(Entries taken from a collection)
######

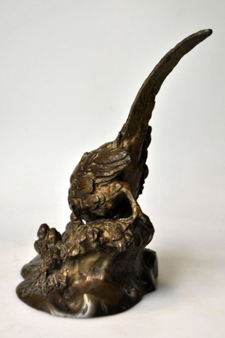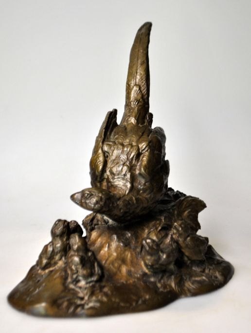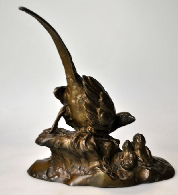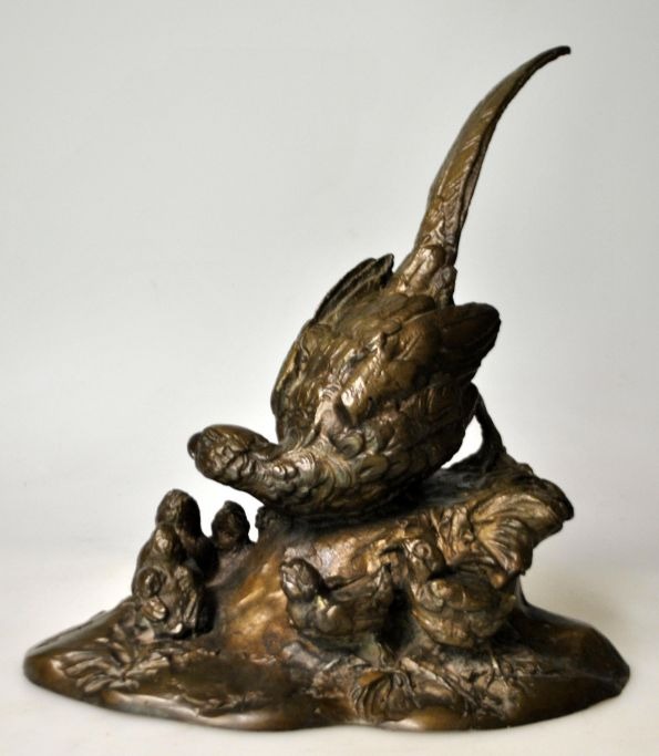 Ubekendt kunstner (20. årh.): Bronzefigur af fasan med kyllinger
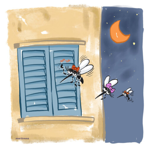 Según fuentes consultadas y experiencias propias, al anochecer los mosquitos (las hembras porque los machos prefieren los arbustos donde tienen su alimento) entran a las viviendas en busca de a quién picar.
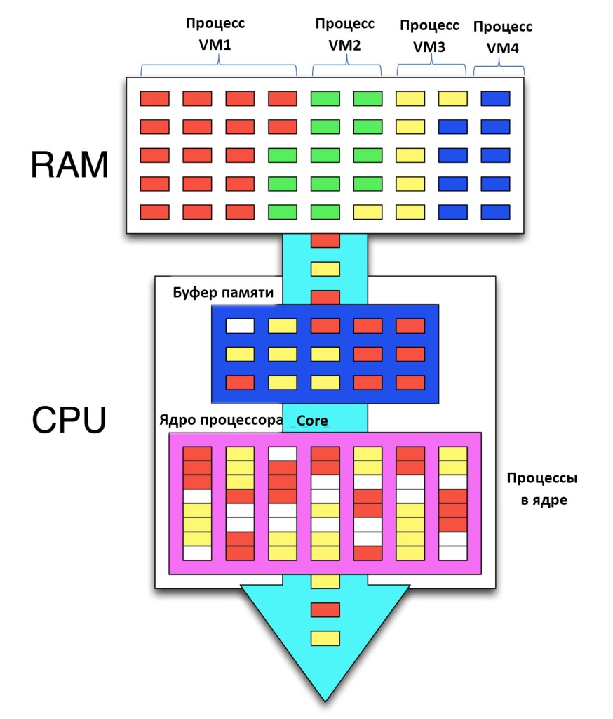 В реальности все несколько сложнее, поскольку в этом процессt приходится задействовать еще и области памяти RAM, выделяя её области под процессы виртуальных машин, а также буфер памяти процессора CPU (регистры и кэш, который может быть нескольких уровней). Очередность выполнения определяется планировщиком задач процессора (Scheduler), который управляется гипервизором, а тот в свою очередь, выполняет политики, заданные приложениями, которые порождают потоки данных.
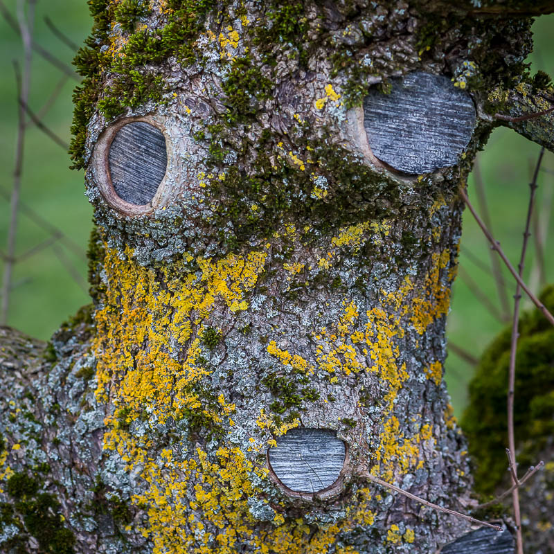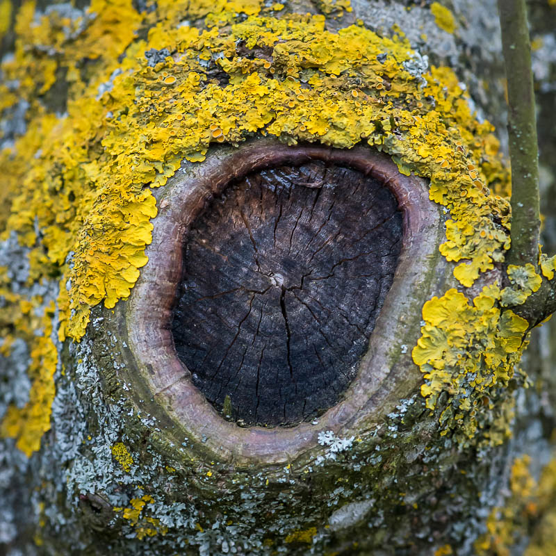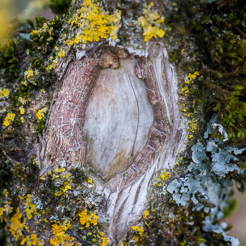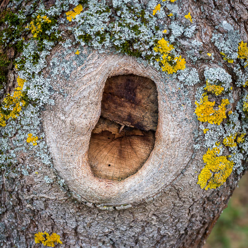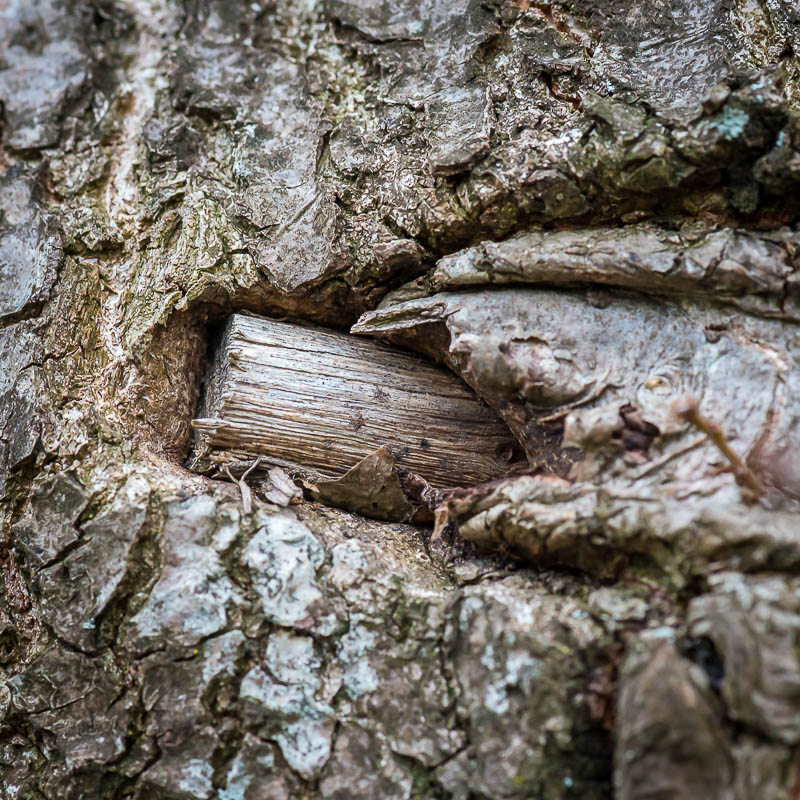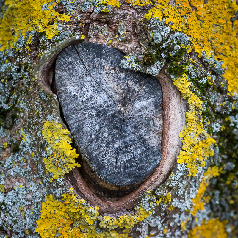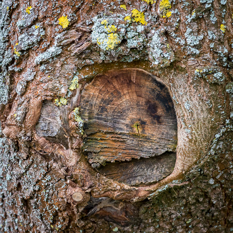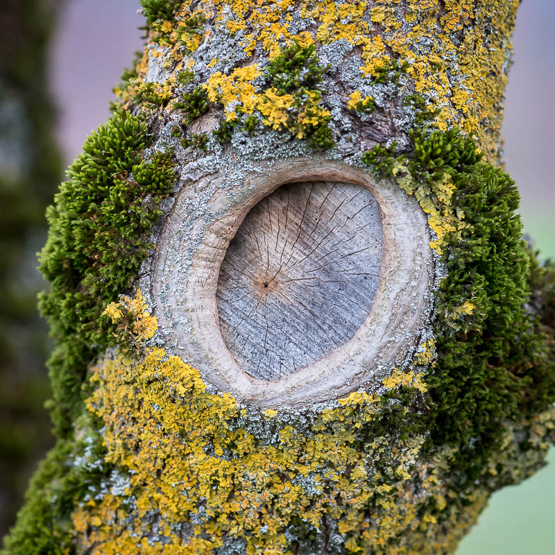 Mit meinem 105-mm-Makroobjektiv bewaffnet, machte ich mich auf einen kleinen Spaziergang, um die Selbstheilungskräfte der Bäume zu dokumentieren. Menschen schneiden Äste ab, sobald sie im Weg sind. Doch die Bäume lassen sich davon nicht beeindrucken. Nach ein paar Jahren schliessen sich die durch die Eingriffe entstandenen Wunden fast vollständig und es bleiben nur unbedeutende Narben zurück.
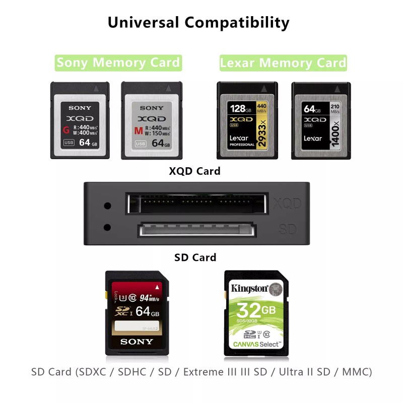 ✔️Universal Compatibility:It supports memory cards such as XQD card (Sony G/M series USB mark xqd cards, Lexar 2933x Lexar 1400x USB mark xqd cards) and SD card (SDXC / SDHC / SD / Extreme III III SD / Ultra II SD / MMC).Allowing you to read and write on 2 cards simultaneously. Greatly save your time.

######

# [WHAT TO DO]
From the first line of the entries down to the line with "Según fuentes consultadas", print each line exactly; omit any picture.

# [OUTPUT OF THE TASK]
 Ubekendt kunstner (20. årh.): Bronzefigur af fasan med kyllinger
 Según fuentes consultadas y experiencias propias, al anochecer los mosquitos (las hembras porque los machos prefieren los arbustos donde tienen su alimento) entran a las viviendas en busca de a quién picar.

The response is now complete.